Formula to evaluate $2-D$ array's location is:

$loc(a[i][j]) = BA + [(i-lb_1)\times NC+(j-lb_2)]\times c$

where,

• $\text{BA}$ - Base Address
• $\text{NC}$ - no. of columns
• $c$ - memory size allocated to data type of array $a[lb_1 \ldots ub_1] [lb_2\ldots ub_2]$

Here, $\text{BA} = 0, \text{NC} = 100, c=1, a[0 \ldots 99][0\ldots 99]$, so $lb_1=0 , lb_2=0$

$loc(a[40][50])= 0+ [ (40-0)\times 100 + (50-0)]\times 1$

$\qquad \qquad \quad = 0+[4000+50]\times 1 = 4050$.

Why column major used here,and not row major?
very well explained
i think by these ans may be contradict but by default we use  column majaor

.its a naive approach :)
why coloum major order plese explain because if we solve this from row major order then anwer will come out to be 5040 (Option C) which is also given in the option ?
Why element size is 1?
char --> 1
Who is using column major? It is row-major which is mandated in C.

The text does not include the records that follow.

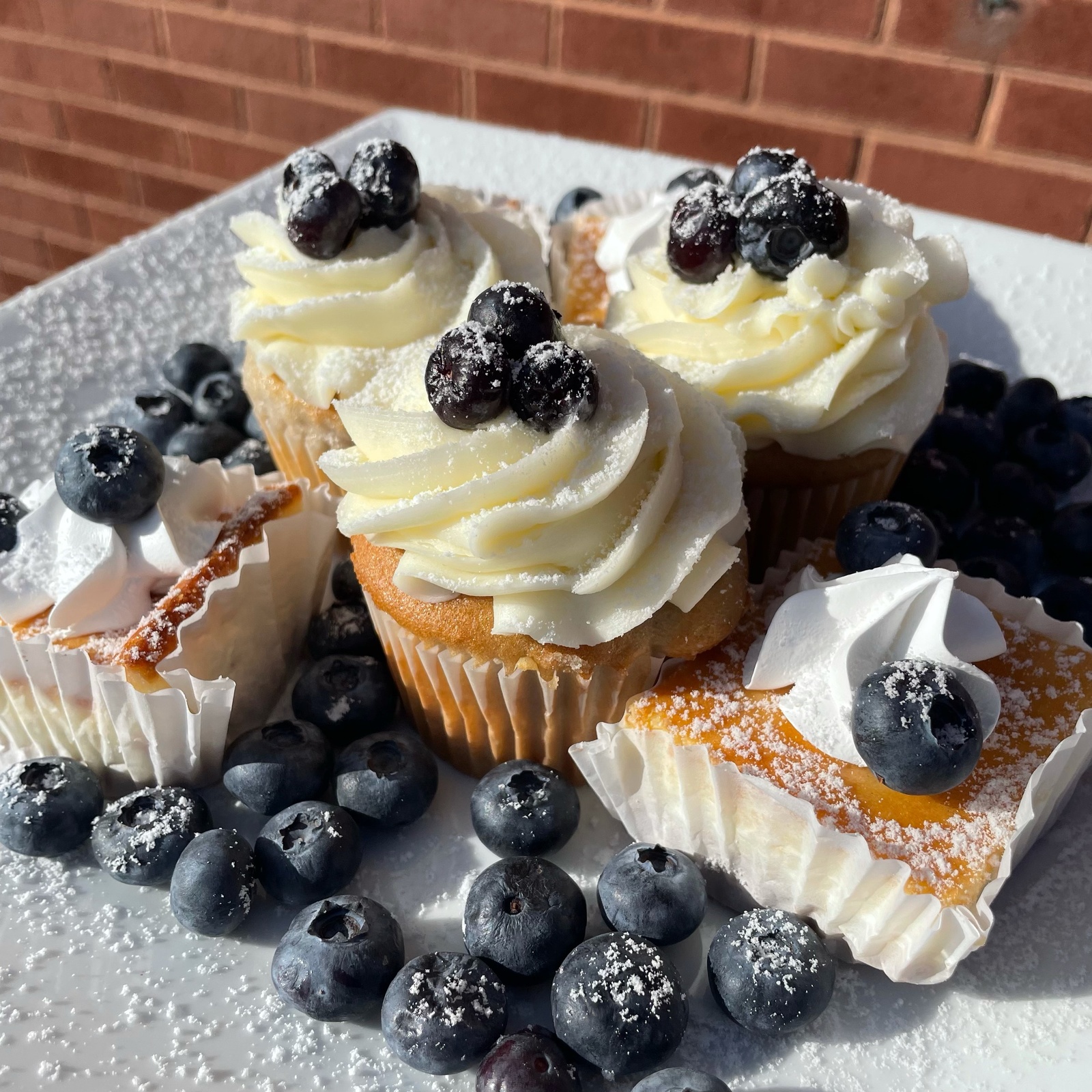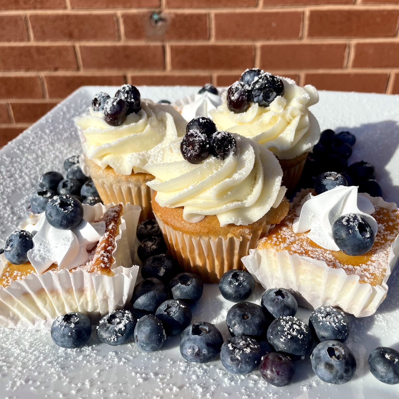 Our blueberry-flavored cake with cream cheese baked in, topped with a swirl of French buttercream, & garnished with fresh blueberries. A delightful Spring favorite flavor.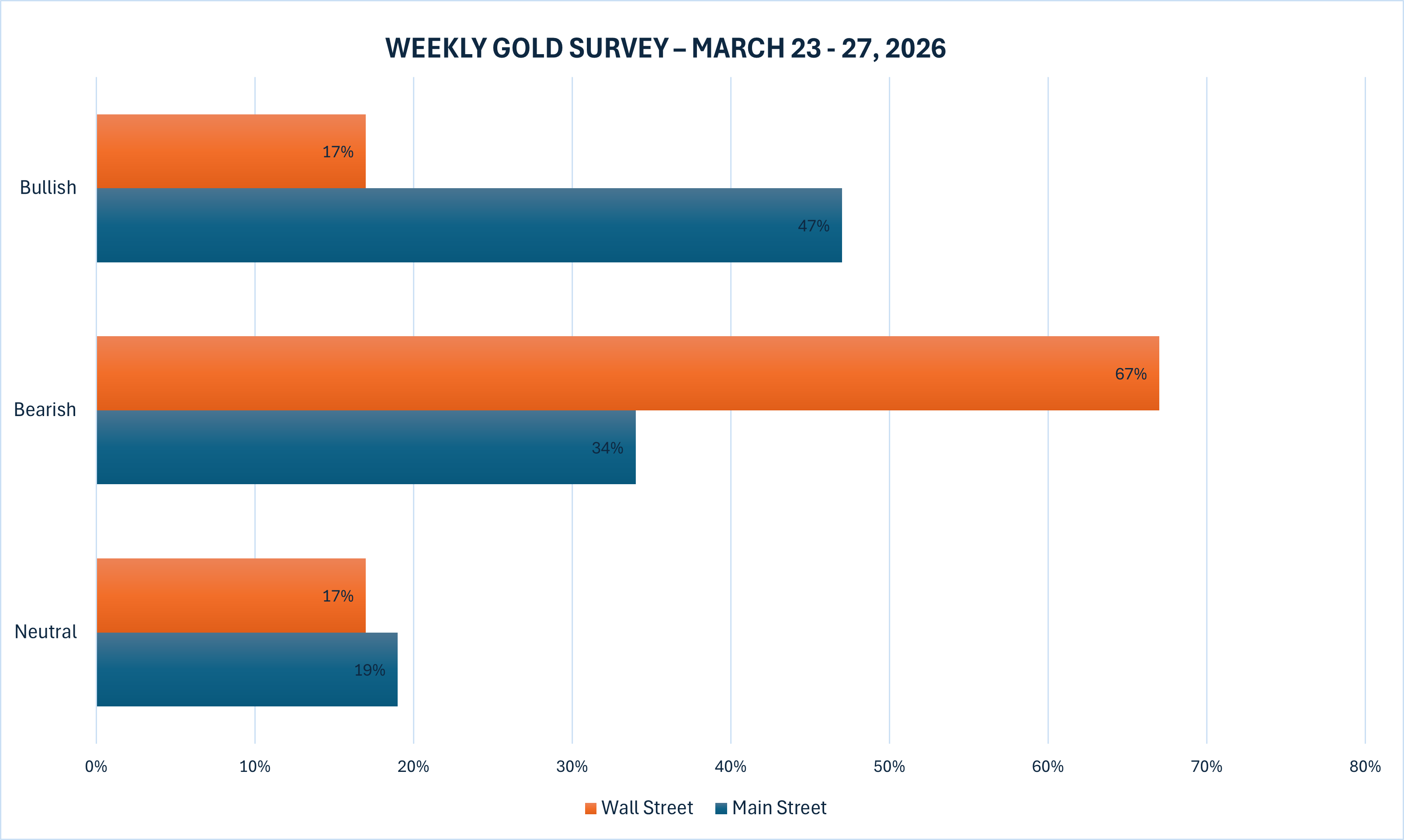 虽然从数据上看,散户中仍有相对更多的人看涨黄金,但与此前明显偏乐观的格局相比,市场信心已显著削弱。华尔街方面则更为一致地倾向谨慎,表明在当前利率、战争与流动性多重压力尚未缓解前,机构投资者普遍不愿贸然押注金价迅速反转。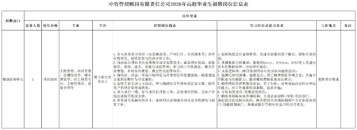 经过30余年的不懈努力,我们积累了丰富的工程管理经验,为各类工程建设项目保驾护航,“中咨管理”品牌成为行业的一面旗帜。我们崇尚简单、包容、共享的理念,秉持创造价值、贡献社会的使命和专业创造精品、价值成就客户的核心价值观,为成为全过程工程管理咨询的领先者而奋斗。优秀的你值得更好的平台,加入我们,携手共创新篇章!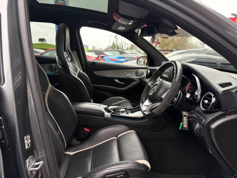 PER4MANCE CARS ARE DELIGHTED TO OFFER THIS STUNNING 2018 MERCEDES GLC63 AMG S PREMIUM (510PS) FINISHED IN SELENITE GREY METALLIC WITH FULL BLACK AMG LEATHER SPORTS SEATS AND WHITE PIPING, PANORAMIC GLASS SUNROOF, 360 CAMERA, BURMESTER SURROUND SOUND, AMG NIGHT PACKAGE, RUNNING BOARDS, UPGRADED SPORTS SEATS, WINTER TYRE SWOP, COMMAND ONLINE SYSTEM WITH SATELLITE NAVIGATION, BLUETOOTH AND DAB, FRONT AND REAR PARKING ASSIST, ATTENTION ASSIST, DYNAMIC SELECT WITH SPORT PLUS MODE, TYRE PRESSURE MONITOR, 21" CROSS SPOKE FORGED ALLOY WHEELS IN MATT BLACK WITH A TITANIUM RING, AMG BODYSTYLING, AMG SPORTS EXHAUST SYSTEM, AMG SPORTS EXHAUST, LED INTELLIGENT LIGHT SYSTEM WITH AUTOMATIC LIGHT ACTIVATION, AMBIENT LIGHTING, MEMORY SEAT PACKAGE, KEYLESS GO, EXCLUSIVE PACKAGE, RAIN SENSOR WIPERS, NAPPA LEATHER AMG PERFORMANCE MULTIFUNCTION STEERING WHEEL, HEATED FRONT SEATS, CRUISE CONTROL, CLIMATE CONTROL, AMG DRIVERS PACKAGE, AMG PERFORMANCE 4MATIC PLUS, AIR SUSPENSION, RACE START FUNCTION AND MUCH MORE... PLEASE CHECK TO SEE THE CAR IS ON SITE! Full dealer facilities available, Finance available, please apply via our website or call for a quote. We have a team of experienced buyers who hand pick our cars from all parts of the UK so you can buy with confidence all vehicles are HPI Clear and prepared to the highest standard. We believe in providing our customers with a personal and first class level of service, Full dealer facilities available, Part exchanges welcomed. Please call Sophie or Leigh on to enquire on this vehicle [Phone number removed] or email [Email address removed. Click Email button to contact us.] .20in Alloy Wheels - AMG 5-Twin-Spoke Design - Painted in Titanium Grey with a High-Sheen Finish, ABS - Anti-Lock Braking System, AMG Bodystyling - Front and Rear Apron-Side Skirts with Diffuser Fins, AMG Boot Logo in Central Screen, AMG Drivers Package, AMG Electronic Rear-Axle Limited-Slip Differential, AMG High-Performance Braking System, AMG Performance 4MATIC Plus, AMG Performance Seats, AMG Rear Apron with Diffuser Fins and Diffuser Board with Trim Strip in Matt Iridium Silver, AMG Side Sill Panels with Inserts in Matt Iridium Silver, AMG Spoiler Lip in Vehicle Colour, AMG Sports Exhaust System, AMG Track Pace - Records Lap Times on the Racetrack, ATTENTION Assist, Active Bonnet - Pedestrian Safety Measure which Detects an Impact and Raises Bonnet, Active Parking Assist including PARKTRONIC, Adaptive Brake Lights, Adaptive Brake System with HOLD Function and Brake Drying in the Wet, Air Body Control - Air Suspension for Front and Rear Axles with Continuously Adjustable Damping, Alarm System with Immobiliser and Interior Protection, Ambient Lighting, Automatic Child Seat Recognition Sensor, Badging - V8 BITURBO 4MATIC+ Lettering on Front Wings, Black Mirror Housings, Brake Calipers - Red with AMG Lettering, Burmester Surround Sound System, COMAND Online System, Chrome Trim - Front - Side and Rear, Collision Prevention Assist Plus, DAB Digital Radio Tuner, Door Mirrors - Electrically Adjustable and Heated, Dual-Stage Airbags - Driver and Front Passenger - Driver Kneebag and Windowbags for Driver - Front Passenger and Rear Passengers, Dynamic Select with a Choice of Driving Modes - Comfort - ECO - Sport - Sport Plus - Individual, EASY-PACK Load Compartment Cover - Removable, EASY-PACK Powered Tailgate, Electric Panoramic Glass Sunroof, Electric Parking Brake, Electric Windows - 4 - With One-Touch Opening and Closing - including Obstruction Sensors, Electronic Stability Programme-ESP with Curve Dynamic Assist and Crosswind Assist, Exclusive Package, Floor Mats - Black with AMG Lettering, Front Door Sill Panels with AMG Lettering, Fuel Tank with Increased Capacity - 66-litres, Glove Compartment Illuminated and Lockable, Headlamp Assist - Automatic Headlamp Activation, Headlamps - LED Intelligent Light System, High-Resolution 8.4-in Multimedia Colour Display, ISOFIX Child Seat Attachment Points with Top Tether in Rear - Two Outer Seats, Instrument Cluster with 5.5in TFT Multifunction Display, Interior Lighting Package, KEYLESS-GO Starting Function, LED Tail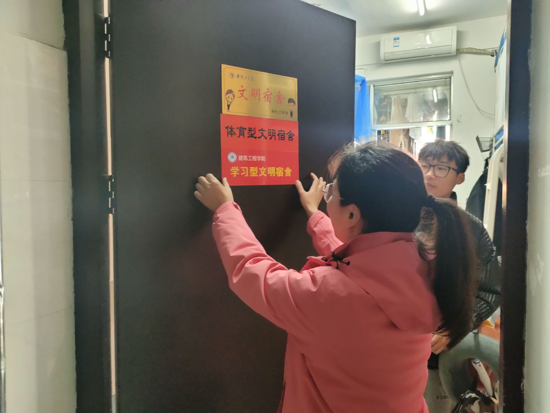 顾向阳老师宣读了各年级的获奖宿舍名单,共选出五类文明宿舍,共计40个。周彤老师对安全文明卫生宿舍环境的意义,宿舍存在夜不归宿、私拉乱接等宿舍安全问题进行总结。随后,顾向阳老师与周彤老师一起为获奖宿舍学生代表颁发了奖品和奖状,对他们表达了诚挚的祝贺并一同前往获奖宿舍举行挂牌仪式。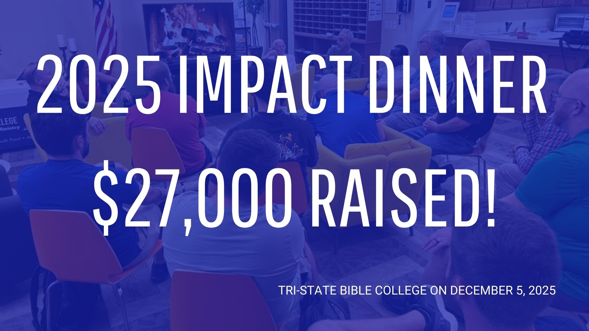 3. PLAN A MAJOR END-OF-YEAR TAX DEDUCTIBLE GIFT TO THE STRATEGIC GOALS OF TSBC. Having entered the second half of the year, many of you are beginning to plan your end-of-year giving. The generosity of your major gifts has been essential to the fulfillment of our vision and mission. As you can imagine, we depend on your generosity at this time to fund key initiatives and to strengthen operations for the second half of our fiscal year (January–June). TSBC depleted much of our undesignated savings for summer operations when giving and enrollment was lean. As you plan, will you consider making a tax-deductible gift to Tri-State Bible College? If you want to invest in a specific project, like Phase 3 of the Library relocation project or technology upgrades for Room #116, I am here to listen and to connect your giving to strategic goals.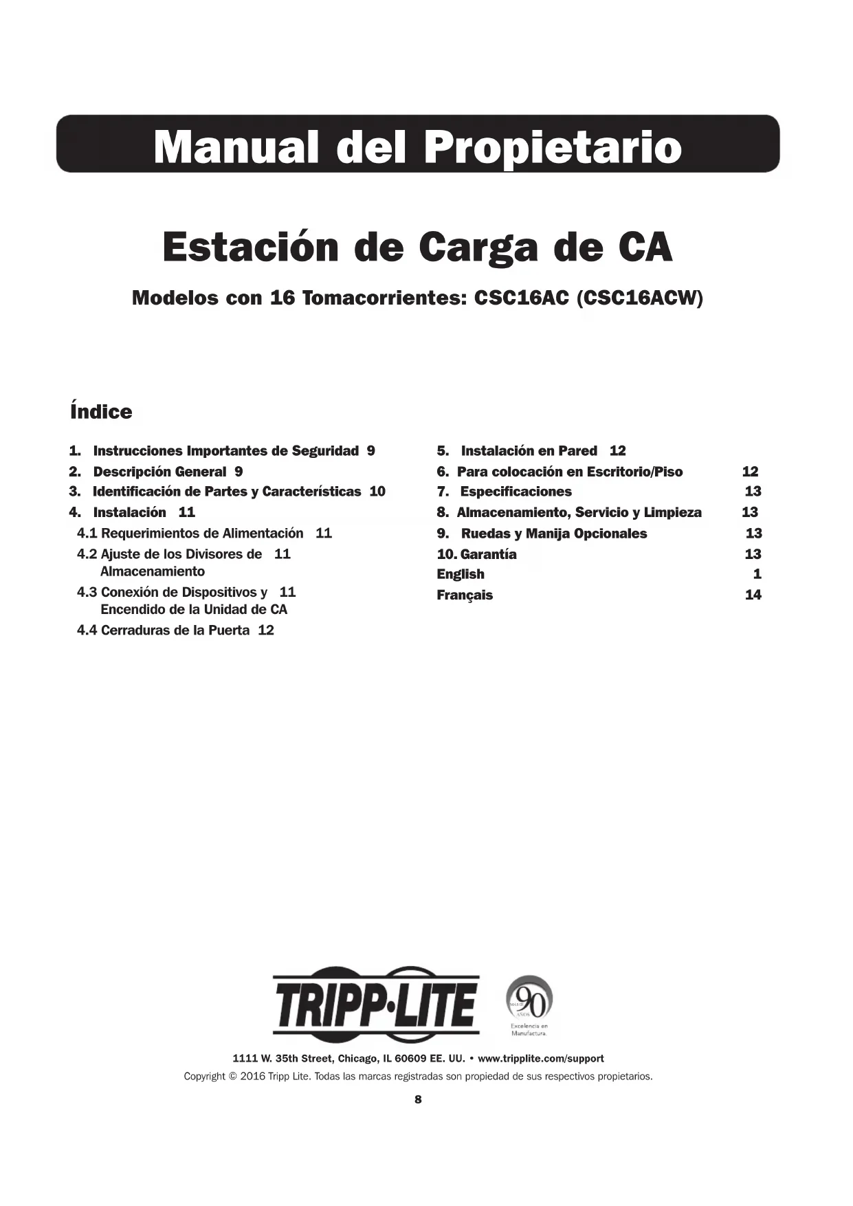 English 1 Français 14 Estación de Carga de CA Modelos con 16 Tomacorrientes: CSC16AC (CSC16ACW) Manual del Propietario 1111 W. 35th Street, Chicago, IL 60609 EE. UU. • www.tripplite.com/support Copyright © 2016 Tripp Lite. Todas las marcas registradas son propiedad de sus respectivos propietarios.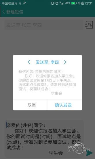 1. 一键群发内容不同短信:只需事先设置好备注名和备注内容即可一键群发短信,如 设置备注 (姓名):李四 (祝福语): 学业进步 编辑短信模板:(姓名),在此祝您(祝福语)! ,则收信方收到短信: 李四,在此祝您学业进步!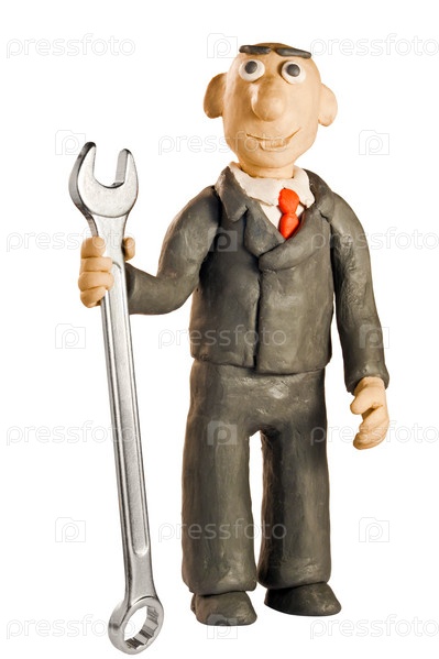 Фигура делового мужчины из пластилина с гаечным ключом в руке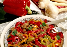 - Dans une sauteuse, chauffer l'huile et faire revnir la viande pendant 2 minutes puis ajouter les poivrons, l'ail, l'oignon et le persil.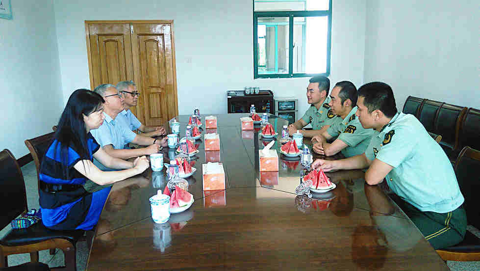 走进连队大门,直工科王参谋、警卫连马指导员和邹连长带领全体连队官兵夹道欢迎集团领导的到来;而集团领导也为连队官兵们奉上了饱含军民鱼水情的新鲜瓜果,让官兵们在炎炎夏日也享受到一份清凉。在会议室,大家回顾了军民共建20多年来的历史往事,都非常珍惜和重视这份共建情谊,并期待今后双方能够开展更丰富的共建活动,拉近彼此的距离,增进双方的互动。之后,在连队领导的陪同下,集团领导参观了部队荣誉室和官兵营房,光辉的荣誉、严格的纪律、一丝不苟的作风和积极向上的正能量,也给参观者留下了非常深刻的印象。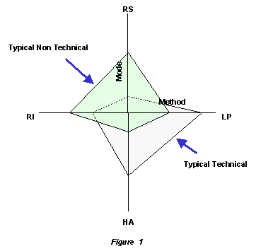 The validity of the OE instrument is not in question as it has been used in the public and private sector on over 10,000 individuals and more than 1,000 teams. Given the size of the database, several patterns have emerged as to preferential decision making styles that dominate technical and non-technical individuals. These styles are shown in Figure 3. This information provided the test data to ascertain the applicability of TRIZ to non-technically oriented persons.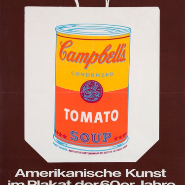 Original vintage advertising poster in German for the American Art in Posters of the 1960s exhibition held in Hamburg from 15 January to 30 March 1979 featuring a bright and colourful Pop Art image by the notable American artist Andy Warhol (1928-1987) of his famous Campbell's Tomato Soup Can in fluorescent orange, yellow and blue colours with Andy Warhol Institute of Contemporary Art Boston below, inside the shape of white shopping bag against a brown background, the text below in white letters. Printed by Hans Kahler, Hamburg. Very good condition, folded as issued, faint creases.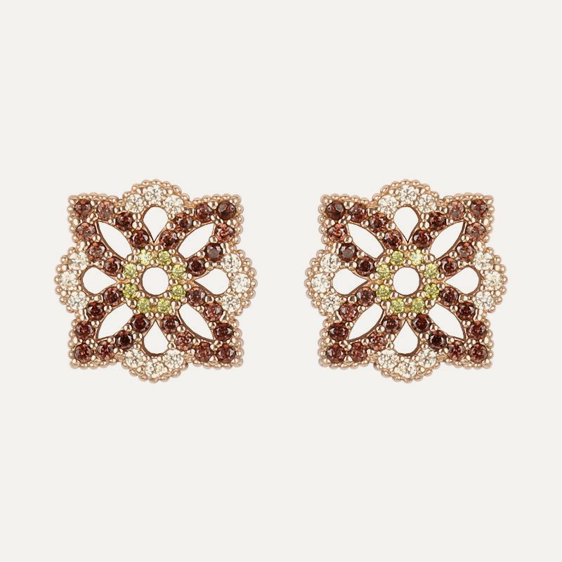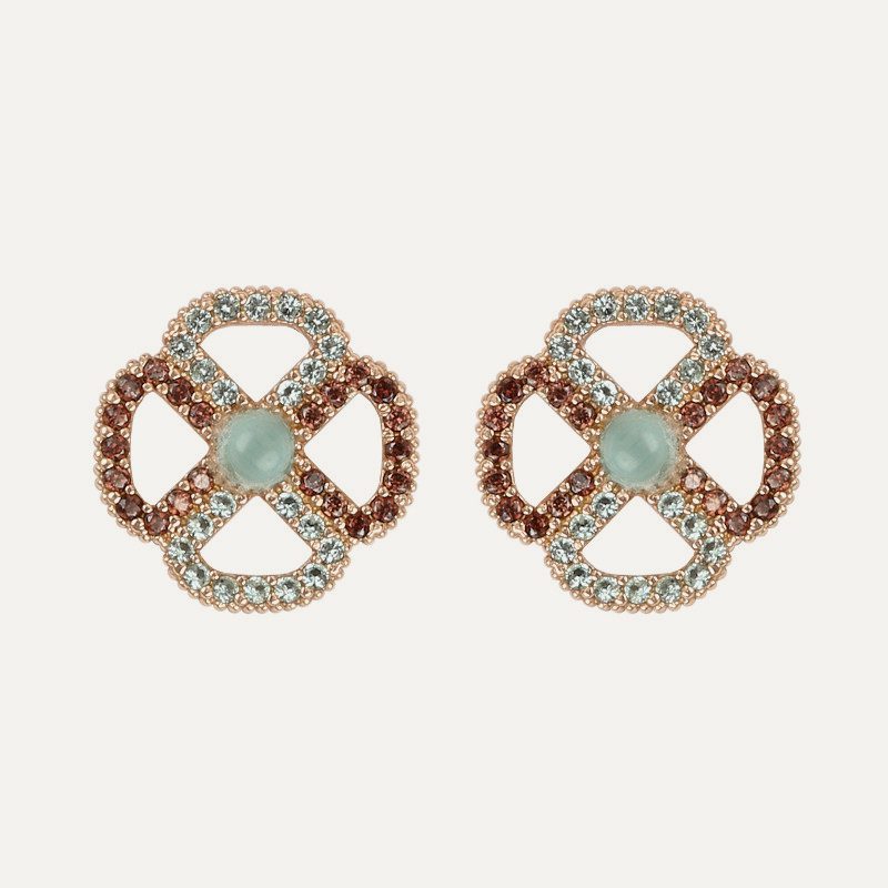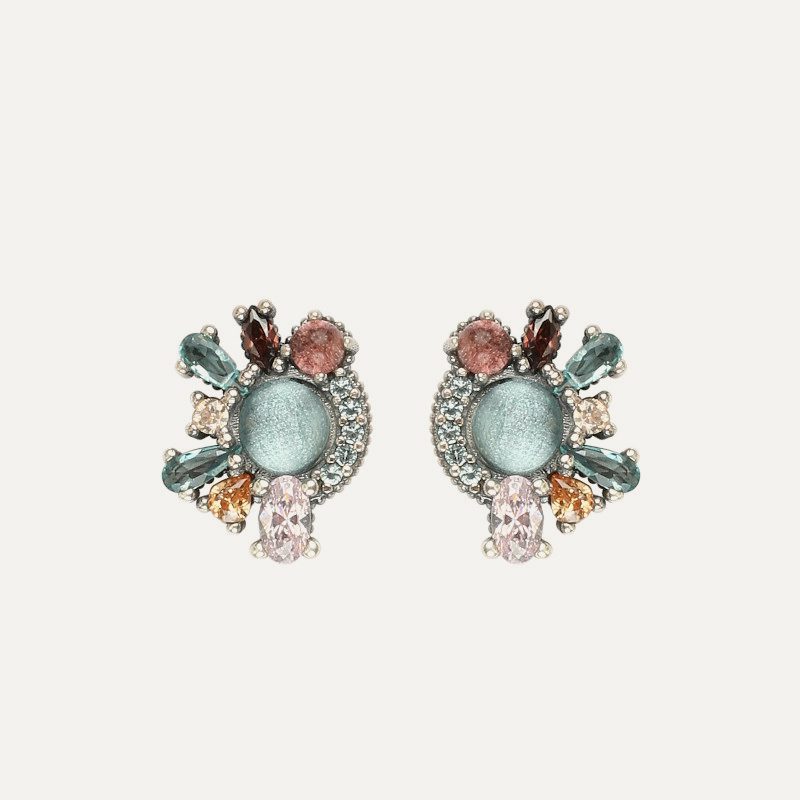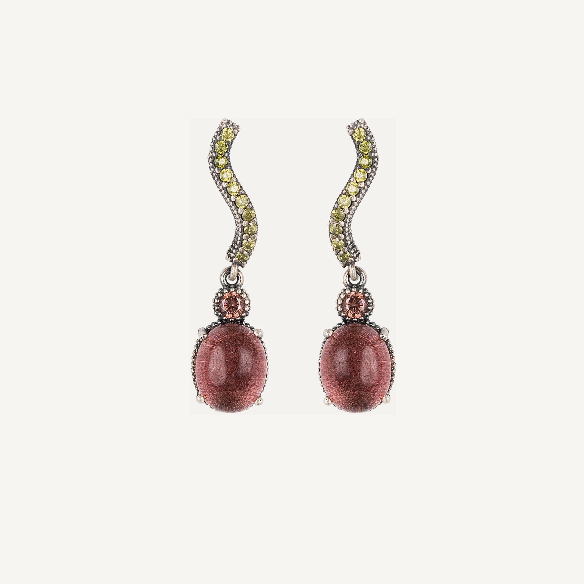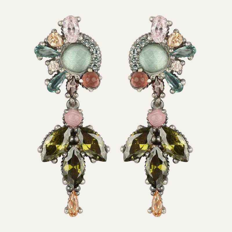 Pendientes de plata de ley 925 con acabado envejecido, turmalina, cuarzo rosa y circonitas.

@Arjun sir....any source plss

B is the answer, and RMO is used here not CMO.
Because here both answers are given, 1)CMO - 5040 , 2) RMO - 4050 then how to decide the correct one?

Shubhgupta Use row major .Use column major when it is exclusively mentioned in question.

Here it is used in row major order.
what are lb1 and lb2??

i think by these ans may be contradict but by default we use  column majaor

.its a naive approach :)

Any newbie please note that this information is incorrect.

Row Major Order is default in C (unrelated: Static scoping is also default in C)

$a$        $\underbrace{[100]}$            $\underbrace{[100]}$

$\text{Streets}$       $\text{Buildings}$

Now you want to go and meet a friend who lives on $50^{th}$ building of $40^{th}$ street means $a[40][50]$

So, firstly cross $39 (0-39)$ streets each consist of $100$ buildings: $40\times 100=4000$

Now cross $49(0-49)$ buildings in order to reach your destination: $50$

$Ans: 4050$

Good analogy! I always use "Skip i rows and j columns", thanks to you I'll add a story behind that from now on.

Skip 40 rows and 50 columns

=> Skip 40*(Size of column) elements + 50 elements.

=> Skip 40*100 elements + 50 elements.

=> Skip 4050 elements.

Here, the element is char, and 1 char takes up 1 Byte.

So, 4050 Bytes. => 4050th address.

Also, note that this approach works when the initial element is at A[0][0]. If somewhere else like A[-5][2], then skip accordingly.

My man forgot about base address... And size of element, lower bound,But still not matter in this case

OPTION B